## PROBLEM STATEMENT
In the records that follow, find the line with "Beltimore skórzany damski"; from there, retype every line exactly through the line with "Ιταλικός καναπές Mood.", which also belongs to the answer.

## ENTRIES SHOWN
__________
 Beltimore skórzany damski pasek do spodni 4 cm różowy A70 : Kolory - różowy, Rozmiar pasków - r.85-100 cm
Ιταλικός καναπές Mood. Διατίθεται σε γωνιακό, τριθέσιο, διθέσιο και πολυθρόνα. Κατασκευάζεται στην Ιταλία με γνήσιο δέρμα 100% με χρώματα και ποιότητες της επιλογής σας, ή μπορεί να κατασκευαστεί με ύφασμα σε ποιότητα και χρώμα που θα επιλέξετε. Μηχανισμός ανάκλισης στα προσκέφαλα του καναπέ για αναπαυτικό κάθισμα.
__________
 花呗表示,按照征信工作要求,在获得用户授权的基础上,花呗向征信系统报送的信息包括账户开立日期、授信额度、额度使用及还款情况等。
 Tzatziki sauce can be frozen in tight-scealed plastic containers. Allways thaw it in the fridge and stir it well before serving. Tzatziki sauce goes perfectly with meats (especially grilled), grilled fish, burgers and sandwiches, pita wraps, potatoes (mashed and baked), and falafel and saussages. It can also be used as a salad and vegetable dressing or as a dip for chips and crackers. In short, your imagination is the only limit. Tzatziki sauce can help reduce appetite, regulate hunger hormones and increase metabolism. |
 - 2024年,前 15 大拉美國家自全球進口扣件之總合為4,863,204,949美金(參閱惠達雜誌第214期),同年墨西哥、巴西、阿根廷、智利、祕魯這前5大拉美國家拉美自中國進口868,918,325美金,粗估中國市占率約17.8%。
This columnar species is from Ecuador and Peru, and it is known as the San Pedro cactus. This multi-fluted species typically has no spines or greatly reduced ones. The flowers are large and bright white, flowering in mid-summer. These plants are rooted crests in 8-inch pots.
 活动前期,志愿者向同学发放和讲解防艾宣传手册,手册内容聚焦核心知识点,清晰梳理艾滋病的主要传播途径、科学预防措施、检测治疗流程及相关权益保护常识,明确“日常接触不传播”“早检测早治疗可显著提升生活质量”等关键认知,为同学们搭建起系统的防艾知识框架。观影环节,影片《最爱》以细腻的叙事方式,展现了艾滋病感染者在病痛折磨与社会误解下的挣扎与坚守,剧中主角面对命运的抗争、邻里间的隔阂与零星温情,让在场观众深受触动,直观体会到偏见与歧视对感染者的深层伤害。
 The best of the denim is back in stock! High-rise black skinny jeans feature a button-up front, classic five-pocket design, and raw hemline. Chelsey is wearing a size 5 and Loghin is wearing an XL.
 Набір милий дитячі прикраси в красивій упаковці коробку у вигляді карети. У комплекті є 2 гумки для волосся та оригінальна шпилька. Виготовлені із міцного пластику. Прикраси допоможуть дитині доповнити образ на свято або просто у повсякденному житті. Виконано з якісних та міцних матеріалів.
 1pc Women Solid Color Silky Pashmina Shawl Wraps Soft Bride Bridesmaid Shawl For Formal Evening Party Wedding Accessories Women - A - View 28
__________
## EXERCISE OUTPUT
 Beltimore skórzany damski pasek do spodni 4 cm różowy A70 : Kolory - różowy, Rozmiar pasków - r.85-100 cm
Ιταλικός καναπές Mood. Διατίθεται σε γωνιακό, τριθέσιο, διθέσιο και πολυθρόνα. Κατασκευάζεται στην Ιταλία με γνήσιο δέρμα 100% με χρώματα και ποιότητες της επιλογής σας, ή μπορεί να κατασκευαστεί με ύφασμα σε ποιότητα και χρώμα που θα επιλέξετε. Μηχανισμός ανάκλισης στα προσκέφαλα του καναπέ για αναπαυτικό κάθισμα.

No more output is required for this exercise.